There's a tremendous opening to the album with "The Furthest Point". The music is like a lovely walk in the autumnal woodlands, with Martin Cockerham on lead vocals and featuring the sound of a haunting flute, a charming cello and a vibrant acoustic guitar. The music sounds slightly unsettling but it's also hypnotic and hauntingly beautiful at the same time. It's an eight minute folky fantasia of musical magic. The angelic honey-coated vocals of Barbara Gaskin appear halfway through the song and her voice is just heavenly. This is gorgeous music designed to carry you away on a sea of blissful dreams, and we've only just begun our musical adventure together. We have a long way to go before we reach "The Furthest Point" because it's time now to take a swig of some "Old Boot Wine", which just happens to be the title of Spirogyra's second album and the second song on this album. It's a very tasty and intoxicating wine too, despite apparently being made from old boots. Honey- voiced Barbara Gaskin takes the lead on this charming melancholy ballad, featuring a prominent mournful cello and flute accompaniment. It's a gentle tender-hearted melody and Barbara has a voice as sweet as sugar that could melt the hardest of hearts. The next song "Parallel Lines Never Separate" features some lovely harmonising between Martin and Barbara with each taking turns on lead vocals. The music opens as a lively Folk rocker but transposes midway through into the gentlest of romantic Folk songs, sounding like a melodic keyboard masterpiece that Renaissance might have recorded back in their heyday. The sound of Martin Cockerham's voice might sound somewhat nasal to some ears on this song, but that's more than offset by the gorgeous sugar-coated vocals of Barbara Gaskin. Side One draws gently to a close now with the short but sweet flute and acoustic guitar melody, "Spiggly", with Barbara in romantic mood with these charming lyrics:- "Love so easy, Love so fine, Into our lives, The time we always needed, No more to strange shadow, I feel us make it, Hope we make it over." ..... Barbara's crystal-clear vocals on this album are heaven-sent, and they're even more pronounced than ever on this gentle acoustic ballad.

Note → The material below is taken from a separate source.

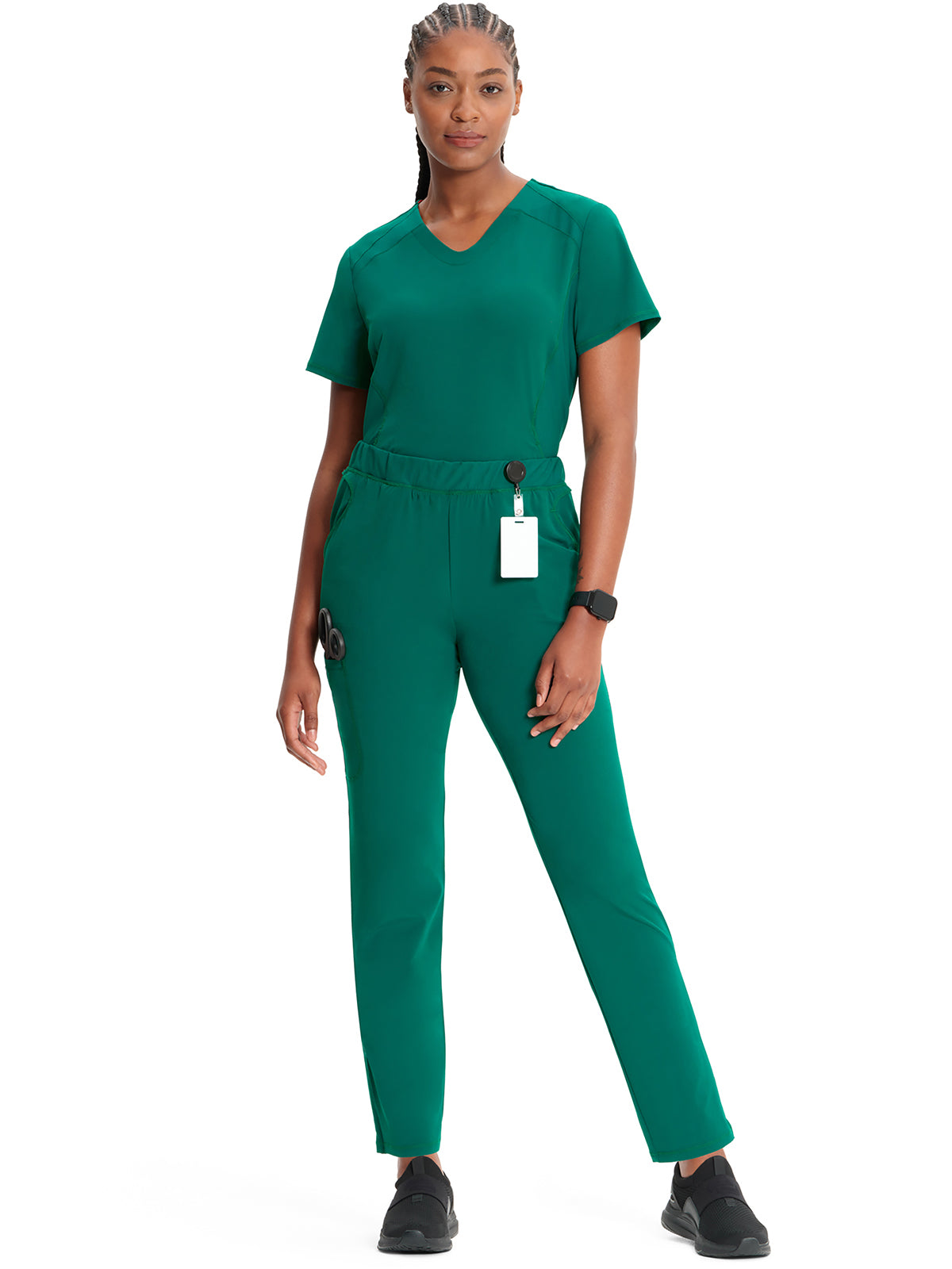 Cherokee Core Stretch scrubs A Modern Classic fit cherokee core stretch scrub V-neck top features two patch pockets (the right with an interior pocket, the left with a pen slot and hidden instrument loop), bungee ID badge loop at the...

Barbara Gaskin's enchanting vocals weave their magical spell again on "An Everyday Consumption Song". This is the kind of eerie but beautiful ballad that's most evocative of the classic English Psych-Folk sound that we've come to know and love over the years. Yes, the music's a little bit spooky and off-kilter, but not so scary that you'll need to leave the lights on at night for fear of what might lurk in the darkness. It's time now to stand to attention for "The Sergeant Says", a traditional rousing Folk- Rock number where Martin Cockerham takes the lead and gives his best travelling troubadour impression of Bob Dylan. And now we arrive at the sensational suite "In the Western World", to close out the album in magnificent style. The extended suite is split into four parts:- 1. "In the Western World"; 2. "Jungle Lore"; 3. "Coming Back"; & 4. "Western World Reprise". This rip- roaring 13-minute-long suite opens deceptively gently with a peaceful pastoral melody. This is just a harbinger though for "Jungle Lore", a dynamic outburst of rollicking Folk-Rock barrelling along on a sparkling crescendo of cellos, flutes, violins, trumpets and piano. The third part of the suite, "Coming Back", resembles a rousing sea shanty with a rough-voiced sailor, sounding like he's been swigging back a bit too much rum. It's the triumphant anthemic grand finale "Western World Reprise" that represents the ultimate dramatic highlight of this superb album though. This is a tremendously uplifting piece of music with all of the grandiose pomp and majestic splendour of the best Symphonic Prog, which might just surprise and delight you if you were expecting a gentle Prog-Folk album.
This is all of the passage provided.